Stable Diffusion is trained to remove noise from an image. By repeating this process mutiple times, it is able to generate images of great quality. How much noise is removed in every step depends on the input textual description. This helps guide the model toward generating an image that matches the input description.

This is how Stable Diffusion generate text from image

  1. The textual description of the target image is passed through a text encoder to generate the text embeddings
  2. Random noisy image latent (think of it as a compressed of shape 64 x 64) is generate as a starting point
  3. The noise is passed to a U-Net model along with the text embeddings
  4. The U-Net generates a denoised image latent conditioned by the text embeddings
  5. The denoised predicted image is passed through a Sechduler which will add little bit of noise based on the current number of steps
  6. The output of the scheduler is used as input for next denoising step
  7. The denoising loop is repeated couple steps
  8. The final noisy image latent is passed to a Decoder which will generate the final image with shape 512 x 512.

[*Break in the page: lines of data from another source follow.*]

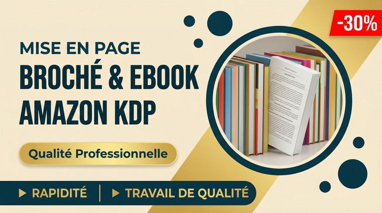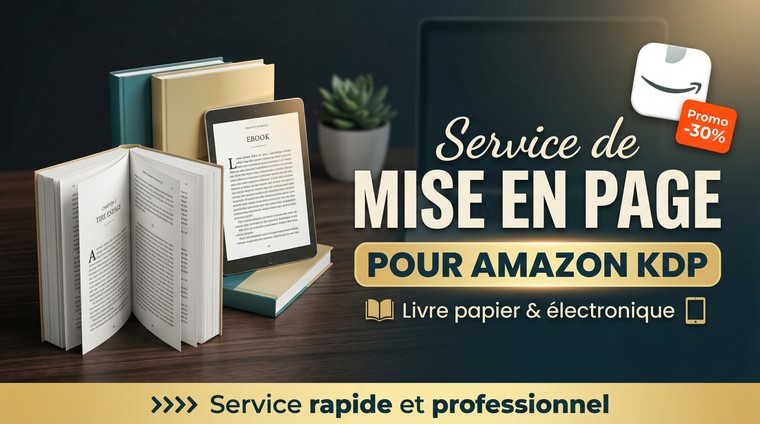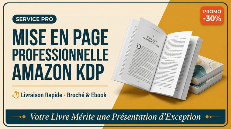 Donnez à votre livre la mise en page professionnelle qu'il mérite. Commandez maintenant et publiez sur Amazon KDP en toute sérénité.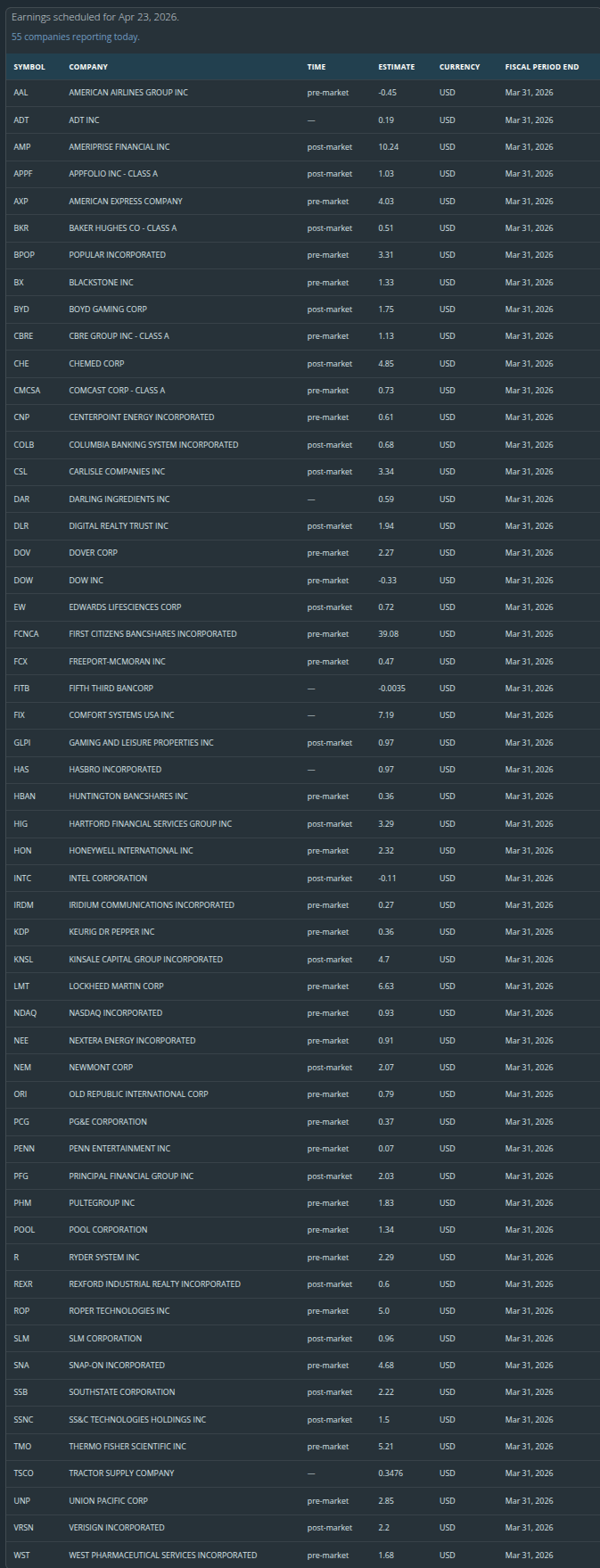 • Friday AM: PG, HCA, SLB, NSC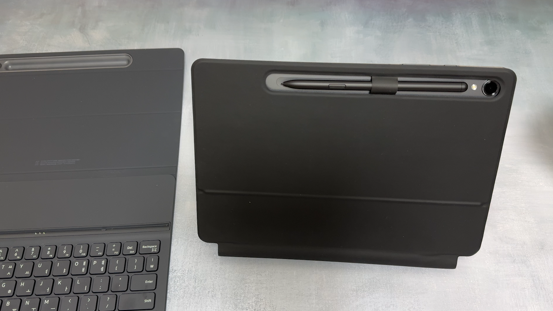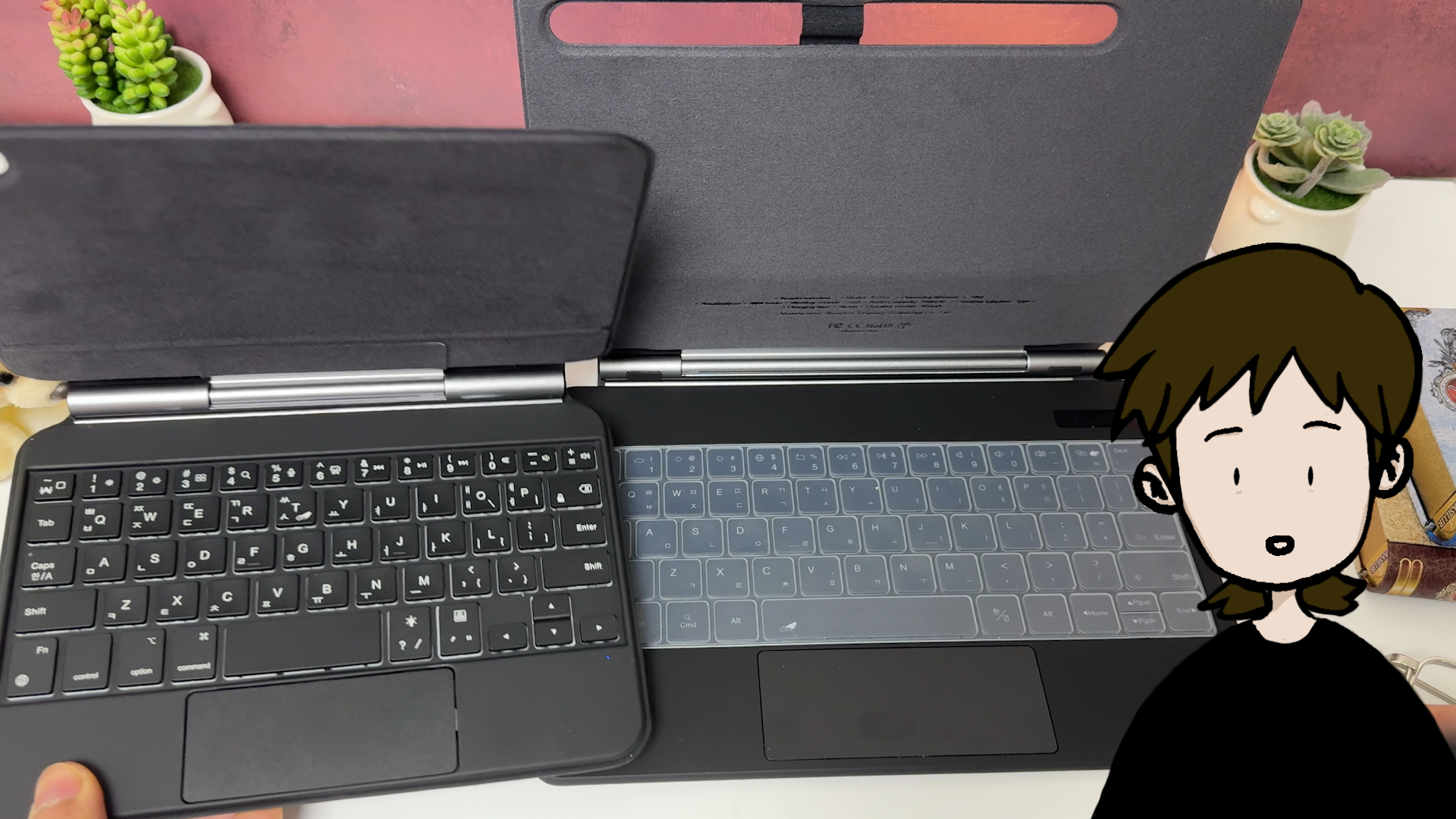 두 제품을 비교하면 앞쪽에서 보면 슬림 키보드가 펜 3개 정도 들어갈 공간 확보가 가능합니다. 대신에 뒤에서 보면 반대로 구조독 키보드가
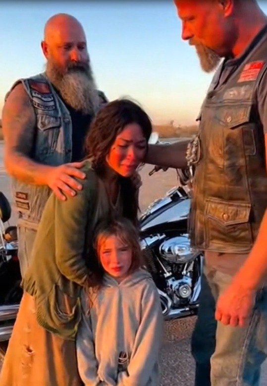One of the bikers noticed her right away. Jack, broad-shouldered and weathered by miles of road, felt something pull at him. Maybe it was instinct. Maybe it was memory. He knelt down, eye level with Lily, and asked a simple question.

Untitled Diagram.drawio.svg

The above diagram illustrates the different components of Stable Diffusion and how they are combined to generate an image from text. The remaining of this artcile we will dive deeper into the implementation details.

Setup and Imports

First, we need to install some libraries include diffusers and Flax.

%%capture
%%bash

pip install --upgrade scipy flax
pip install --upgrade "jax[cuda]" -f https://storage.googleapis.com/jax-releases/jax_cuda_releases.html
pip install --upgrade diffusers transformers

Log into your Hugging Face account with an access token and accept the terms of the licence for this model - see model card.

!huggingface-cli login
    _|    _|  _|    _|    _|_|_|    _|_|_|  _|_|_|  _|      _|    _|_|_|      _|_|_|_|    _|_|      _|_|_|  _|_|_|_|
    _|    _|  _|    _|  _|        _|          _|    _|_|    _|  _|            _|        _|    _|  _|        _|
    _|_|_|_|  _|    _|  _|  _|_|  _|  _|_|    _|    _|  _|  _|  _|  _|_|      _|_|_|    _|_|_|_|  _|        _|_|_|
    _|    _|  _|    _|  _|    _|  _|    _|    _|    _|    _|_|  _|    _|      _|        _|    _|  _|        _|
    _|    _|    _|_|      _|_|_|    _|_|_|  _|_|_|  _|      _|    _|_|_|      _|        _|    _|    _|_|_|  _|_|_|_|

    To login, `huggingface_hub` now requires a token generated from https://huggingface.co/settings/tokens .
    
Token: 
Add token as git credential? (Y/n) n
Token is valid.
Your token has been saved to /root/.huggingface/token
Login successful

Import the libraries we will use, e.g. matplotlib for plotting the resulting images.

import jax
import jax.numpy as jnp
import numpy as np
from flax.jax_utils import replicate
from flax.training.common_utils import shard
from PIL import Image
import matplotlib.pyplot as plt
%matplotlib inline
from transformers import CLIPFeatureExtractor, CLIPTokenizer, FlaxCLIPTextModel
from diffusers import FlaxAutoencoderKL, FlaxUNet2DConditionModel, FlaxPNDMScheduler

Model and weights

This will download and set up the relevant models and components we'll be using. Let's just run this for now and move on to the next section to check that it all works before diving deeper.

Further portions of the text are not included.